# 277/480 main to 120/240 sub



## markmancuso3 (May 23, 2019)

i have a 277/480 panel without nuetral or ground. they want me to pull a 60 amp 120/240 sub. using a step down transformer. i have acsess to properly ground. my question is in regaurds to getting a proper nuetral 

Sent from my SM-N960U using Tapatalk


----------



## LGLS (Nov 10, 2007)

120/240 or 3 phase 120/208 Y ?


----------



## CoolWill (Jan 5, 2019)

markmancuso3 said:


> i have a 277/480 panel without nuetral or ground. they want me to pull a 60 amp 120/240 sub. using a step down transformer. i have acsess to properly ground. my question is in regaurds to getting a proper nuetral
> 
> Sent from my SM-N960U using Tapatalk


You don't have 480Y/277 if you don't have a neutral. You just have 480. Just sayin'.

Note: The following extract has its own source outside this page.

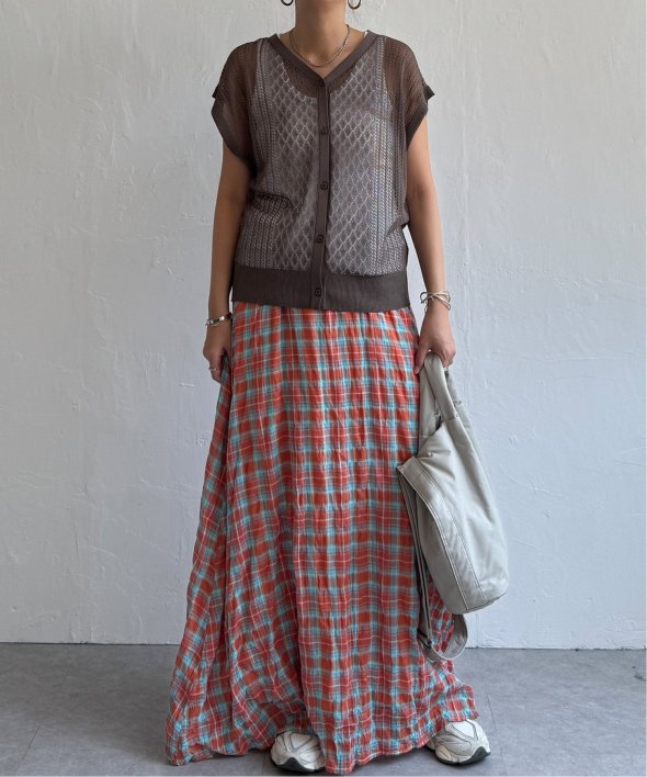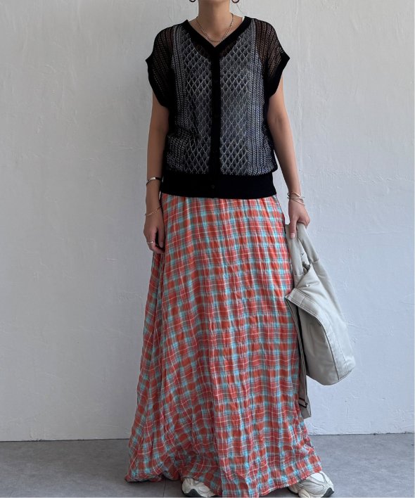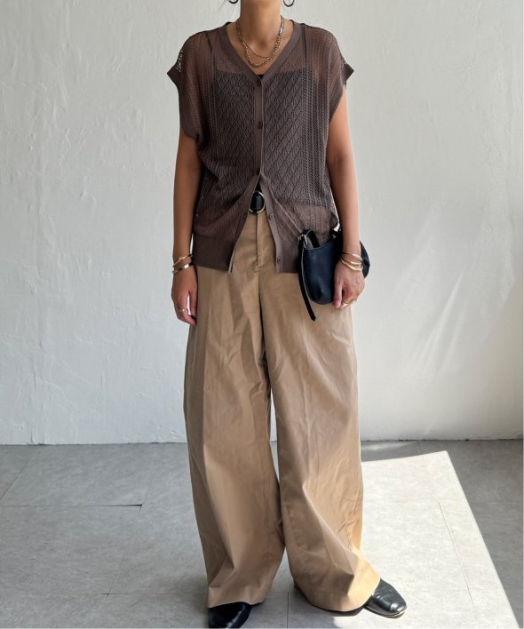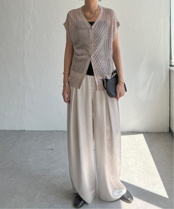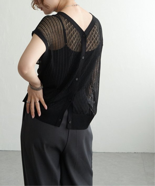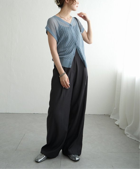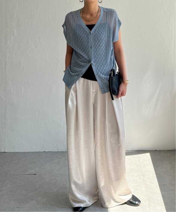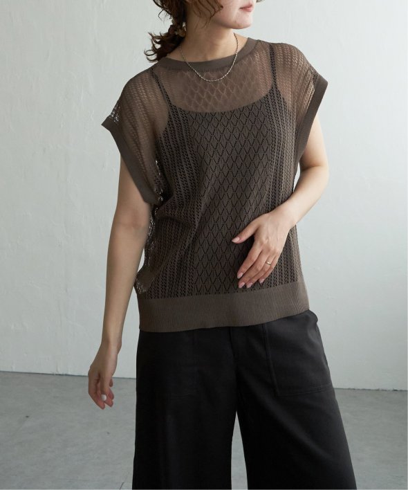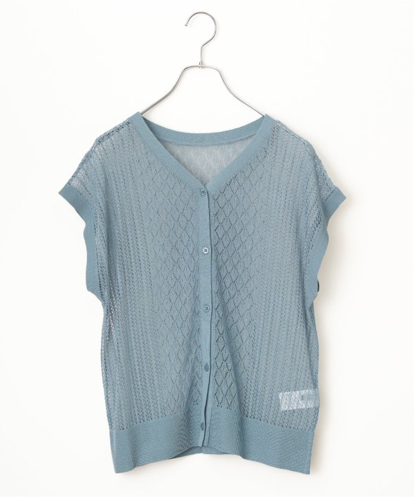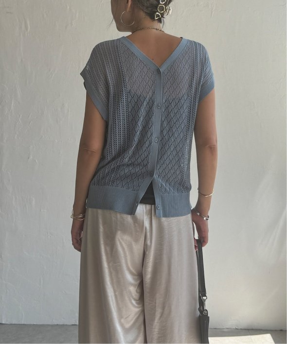 シャリ感のある透かし編みが涼しげな印象を与える2WAYベスト。

Buf your 208Y/120 panel gets its neutral from the transformer you install, not the primary.


----------



## frenchelectrican (Mar 15, 2007)

markmancuso3 said:


> i have a 277/480 panel without nuetral or ground. they want me to pull a 60 amp 120/240 sub. using a step down transformer. i have acsess to properly ground. my question is in regaurds to getting a proper nuetral
> 
> Sent from my SM-N960U using Tapatalk


if you see 480 volts sans neutral then you got delta connection and you can get them in single phase or three phase transformer to sized to the load what ya need it. 

you will get the neutral from secondary side and please follow the NEC codes related to the SDS system. 

Just becarefull if you get three phase with 240/120 volt delta secondary you have to watch out the rating on centre tap on that type of transformer. 

I would just get single phase transformer and be done with it.


----------